4. Installing Rezon CLI
Documentation
Refer to the installation documentation at Rezon Docs.
Installation
Run the commands specified in the documentation to install the CLI.
5. Deploying Your Model
Initialization
- Create a new folder for your project and move the trained model to a desired folder.
- Open a terminal and navigate to the newly created directory.
- Run
rezon init
to generate a config file.
Configuration
- Add the API key from the Rezon dashboard into your config file.
- Specify the model framework (in our case, PyTorch).
- Provide the absolute path to the trained model.
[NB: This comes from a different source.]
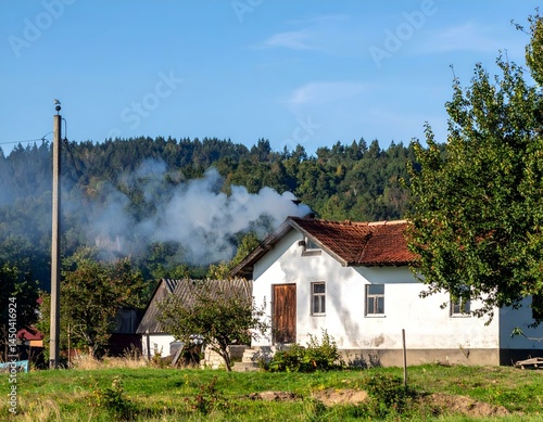 Fototapeta premium Rustic white house with smoke from chimney, idyllic rural landscape.

- Define names for your input data variables, like "Number of times pregnant," "BMI," etc.
Deployment
Run rezon deploy
from the CLI, specify a model name, and the model will be uploaded and dockerized on Rezon servers.
6. Running Predictions
Sample Input
You can send normalized input to your model through the CLI by using rezon run
. For example:
rezon run [0.8, 0.983, 0.890, 0.353, 0.000, 0.900, 0.734, 0.883]
Web App Interface
Alternatively, you can use the Rezon web app to run predictions and view explanations. The platform shows you the input-output contributions, helping you understand the factors affecting the predictions and detect bias.
Conclusion
With Rezon, the transition from developing your model to deploying it is seamless and comes with real-time explainability, auto-scaling, and observability features.
Thank you for following along, and have fun deploying your machine learning models with Rezon!